If the deltoid has been selected as the injection muscle, locate the injection site by first locating the acromion process at the top of the shoulder. Then make a "V" with the index and middle fingers on the patient's shoulder, with the tips of each finger touching the bottom of the acromion process. The deltoid injection site is in the middle of the "V."

If the ventrogluteal muscle has been selected as the injection muscle, instruct your patient to lay on their side, exposing the selected hip. Locate the greater trochanter and the iliac crest. Place the palm of the hand on the patient's hip, with the thumb on the patient's greater trochanter. Point the index finger at the patient's anterior iliac crest. Then spread the middle finger toward the back of the patient, forming a "V." The needle injection site is located between the knuckles of the index and middle fingers.

Once the injection site has been located, don a pair of non-sterile gloves. If the patient has a latex allergy, be sure to use non-latex gloves to avoid allergic reactions. According to the CDC, it is unnecessary to clean the injection area with an alcohol prep pad, unless the skin is visibly soiled or dirty.
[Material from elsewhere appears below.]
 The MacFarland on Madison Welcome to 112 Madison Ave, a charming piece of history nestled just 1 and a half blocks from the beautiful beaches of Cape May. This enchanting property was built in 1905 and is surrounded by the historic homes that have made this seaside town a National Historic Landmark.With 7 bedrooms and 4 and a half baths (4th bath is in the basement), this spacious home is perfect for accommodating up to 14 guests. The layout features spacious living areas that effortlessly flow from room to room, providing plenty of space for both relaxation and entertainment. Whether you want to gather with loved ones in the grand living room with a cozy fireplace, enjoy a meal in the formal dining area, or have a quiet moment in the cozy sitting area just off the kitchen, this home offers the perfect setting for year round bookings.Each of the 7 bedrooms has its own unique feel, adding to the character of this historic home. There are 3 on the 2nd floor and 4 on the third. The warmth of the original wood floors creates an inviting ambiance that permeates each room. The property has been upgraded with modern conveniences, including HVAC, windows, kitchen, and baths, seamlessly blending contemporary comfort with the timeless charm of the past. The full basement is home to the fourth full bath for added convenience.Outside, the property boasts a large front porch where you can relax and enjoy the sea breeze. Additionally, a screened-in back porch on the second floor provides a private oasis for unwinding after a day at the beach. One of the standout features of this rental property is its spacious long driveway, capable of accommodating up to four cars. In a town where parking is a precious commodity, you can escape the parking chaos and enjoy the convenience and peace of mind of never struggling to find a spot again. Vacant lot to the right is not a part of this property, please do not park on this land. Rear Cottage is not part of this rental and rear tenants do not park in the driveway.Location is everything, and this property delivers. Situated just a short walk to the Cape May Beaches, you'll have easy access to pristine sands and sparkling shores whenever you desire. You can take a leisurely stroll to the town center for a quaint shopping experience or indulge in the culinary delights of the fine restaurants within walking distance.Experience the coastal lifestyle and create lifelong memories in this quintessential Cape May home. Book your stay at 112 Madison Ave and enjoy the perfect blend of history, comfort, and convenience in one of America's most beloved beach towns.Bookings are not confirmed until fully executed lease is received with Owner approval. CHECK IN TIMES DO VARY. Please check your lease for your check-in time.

Next, obtain the prepared syringe. Hold the syringe between the thumb and index finger of your dominant hand and remove the needle cap with your non-dominant hand. Then, using your non-dominant hand, pull the patient's skin taut between the thumb and forefinger, pushing the adipose tissue approximately 1 inch away from the muscle. In one quick motion, insert the needle at a 90° angle into the patient's muscle. This is called the "z-track technique," which prevents the medication from leaking into the subcutaneous tissue.

Slowly press the syringe plunger down with the thumb or index finger to inject the medication into the patient. The medication should be administered at a rate of 1 milliliter per 10 seconds. The syringe needle may be stabilized into the patient's skin with the non-dominant hand. When the medication administration is complete, slowly remove the needle from the patient. Engage the needle safety device with the thumb and immediately discard the syringe and needle into the sharps container.

If blood is observed at the injection site, apply an adhesive bandage or cotton ball with silk/paper tape over the area. Then help the patient adjust their gown and bed linens. Next, remove the non-sterile gloves and immediately discard them, along with any other trash. Then thoroughly wash your hands for 10-20 seconds.

Finally, complete the required documentation in the patient's electronic MAR. Be sure to document the medication administration time, date, location, and any other facility-required information. Before leaving the patient's room, instruct the patient to immediately report any unusual reactions to the medication, such as injection site pain, redness, or swelling, to the nursing staff. Then exit the patient's room and thoroughly wash your hands again.

"Selecting the injection site for the administration of IM medications is very important. Immunizations and medication doses between 1-2 milliliters should be administered in the deltoid muscle. Medication doses between 2-3 milliliters should be administered in the ventrogluteal muscle."

"Common IM injection errors include administering large medication volumes into the deltoid muscle and selecting long needles in patients with small amounts of muscle tissue. These errors can lead to a needle hitting a nerve, adipose tissue, or bone, which may cause osteomyelitis"

"As with any injection, improper technique when recapping a needle may lead to a "needle stick" injury, and failure to create a taut surface or hesitating with the injection may result in needle-tip contamination. Therefore, all nurses must adherence to safe needle practices to safely and effectively administer IM injections."

You've just watched a JoVE video on the preparation and administration of IM injections. You should have a better understanding of IM injection sites and factors involved in site and needle selection, and you should also be aware of the critical protocol steps for safe and effective delivery of IM medications. As always, thanks for watching!